How freaking good are the Mariners?

After looking downright mortal during a season-opening 3-3 homestand, the Mariners have run roughshod over the AL West, ripping off nine consecutive wins over divisional rivals, the last five without their best hitter, Edgar Martinez. They've won easy (5-1 and 8-1 over the Angels) and they've won hard (late rallies to beat the Angels 5-4 and the Rangers 13-11), but they've done nothing but win.

While they've gotten a few good starts during the streak, they're mostly pounding people into submission. The Mariners haven't scored fewer than five runs in any game on the road trip (they've done so just once all season), and are averaging nearly eight runs during a game during it. They lead the AL in runs, OBP (by 29 points!), batting average, Equivalent Average, and walks, and are third in slugging average.

The performance of the offense in the absence of Martinez has been a surprise. An unconscious Ruben Sierra–.455/.526/.697–hasn't hurt, but more important has been the team's continued embrace of patience at the plate. Mike Cameron and Carlos Guillen have dramatically improved their walk rate so far this season, and are putting up stellar OBPs (.478 and .429, respectively). Even Ichiro Suzuki has four unintentional walks in 70 plate appearances, nearly doubling last year's walk rate.

OBP is Life. The Mariners, more than any team in the game–even the A's–exemplify this concept. Last year, they rode it to 116 wins and an easy divisional title. If early returns are any indication–and I have to acknowledge that we're talking about 15 games here–they have the pieces in place to do just as much damage this year.

It's not just the offense. While some of the Mariners' pitchers are scuffling early this year, they are once again getting great work from three relievers. Only this year, instead of Kazuhiro Sasaki and his great set-up men (Arthur Rhodes and Jeff Nelson, it's Sasaki and two guys who weren't even on the team this time last year. Shigetoshi Hasegawa and Joel Piniero have provided 20 1/3 innings of shutout baseball, while Rhodes and Nelson have been inconsistent. Sasaki, by the way, has yet to allow an earned run, and is allowing just a 337 OPS on the young season. It's scary to think what this team is going to be like when Rhodes and Nelson reach midseason form.

The bullpen and lineup have covered for a starting rotation that has been shaky. Only Jamie Moyer has been consistently effective, while last year's ace Freddy Garcia has scuffled, and the back of the rotation–Paul Abbott, James Baldwin, and John Halama has been all over the place. Between injuries and trades, the Mariners have lost a lot of their pitching depth in the upper levels of their system, so this is the one area in which they're vulnerable.

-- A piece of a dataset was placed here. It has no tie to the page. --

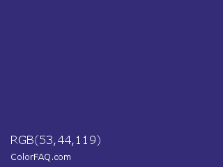 RGB 53,44,119 Color is a normal indigo color and the nearest color is Minsk #3f307f. Hex code #352c77 and RGB value is rgb(53,44,119). In RGB color space, this color is composed of 21% red, 17% green, 47% blue, In CMYK color space, this color is composed of 55% cyan, 63% magenta, 0% yellow , 53% black , In HSL color space, this color has a hue angle of 247° , 46% saturation and 32% lightness.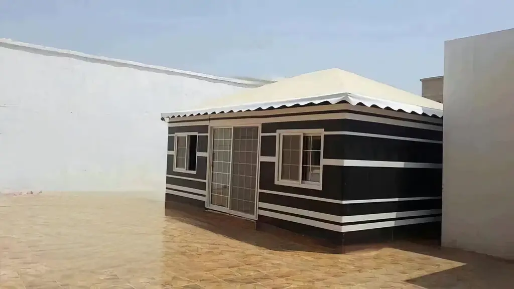 نص بديل للصورة (Alt Text): صورة بيت شعر ثابت ودائم بتصميم متين وصلب، يوفر مساحات جلوس مريحة ومحمية طوال العام

Keep in mind, though, that the Mariners pitch in front of the best defense in the league. To the extent that Martinez's injury had a positive aspect, it was in getting Ruben Sierra off the field, and into the DH slot, full time. With Mark McLemore in left field, the Mariners start eight above-average defensive players, including what may be the best defensive outfield in baseball. That's a lot of support, even for a shaky rotation.

Last year, the Mariners opened the season 20-4, burying the AL West before the other teams knew what had hit them. This year, they're 12-3 with seven games left against the West in April, six of them at home against teams they've already swept on the road. They look like a better offensive team than they did last year, and they feature a deeper bullpen and possibly a better defense. While it's unrealistic to predict another 116 wins, it's possible that the A's are once again going to be focusing on the wild card much sooner than they'd hoped.